Energy companies have hired or promoted a spate of new CEOs, with a dozen or more new incumbents or openings in the upstream sector alone. What compensation and governance trends might this concentrated wave of new leadership create over the next few years? – Here are five possibilities.

  1. Homogenization? It appears that the new wave of CEOs may be paid within a narrower range across their peers, and through programs that look increasingly similar. Many of the recently departed CEOs were some of the highest paid, and in some cases their boards were under pressure to bring the new CEO’s compensation within a closer range of industry peers. Three years of Say on Pay have already produced nearly identical long-term incentive programs across companies that before had different approaches driven by their prior leaders. The new CEOs may be challenged to differentiate their compensation programs among peers.

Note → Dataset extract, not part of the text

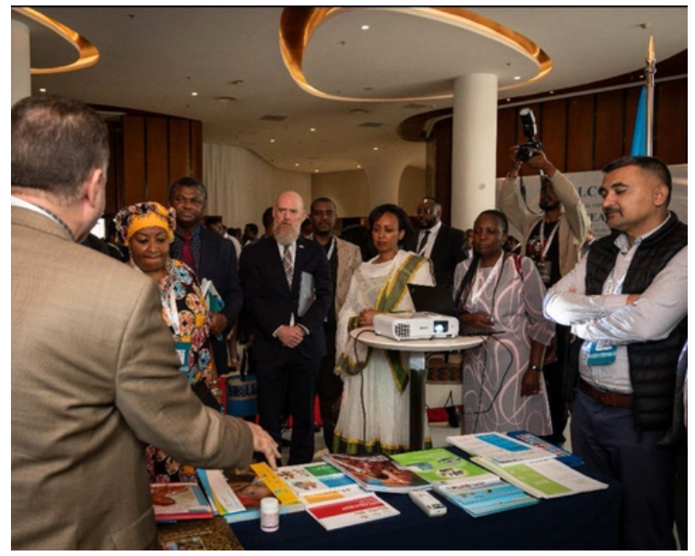
Discussions on Primary Healthcare at the ICPHC in Addis Ababa.

  2. New ways to pay bonuses? The biggest criticism levied against oil and gas companies this past proxy season concerned how companies paid bonuses – with proxy advisors looking for more objectivity and less subjectivity. A new CEO, especially one from the outside, may feel less tied to a company’s past practice when it comes to the difficult task of measuring short-term performance in a long-term business like oil and gas. The new CEO class may more quickly usher in new metrics, a new evaluation process, or new expectations for the role of bonuses in their companies.

  3. Senior executive attrition? New leaders often swap out players on their team. Energy companies have invested heavily in retention-based awards, which have largely been successful in keeping leadership teams stable. A rise in senior executive job openings may put certain of these retention awards to the test.

  4. Sustained separation of Board Chairman and CEO roles? Energy companies have yet to broadly embrace separating these roles on a sustained basis. Several have announced at least an interim separation as part of their leadership transition. The governance environment may make it difficult to recombine the roles in the future, possibly creating a new sustained standard for the industry.

  5. The end of excise tax gross-ups? Nearly every oil and gas company has either removed or frozen eligibility for excise tax gross-up benefits (for certain severance payments following a merger or sale). None of the externally hired CEOs will likely be eligible for gross-up benefits. As a result, companies and boards may find it difficult to keep gross-ups for a subset of executives when a new CEO “leads by example” by not having the provision.

Whether these trends happen or not, it’s no bold prediction to say we’ll look back on these past eighteen months as an important era of change in the energy industry.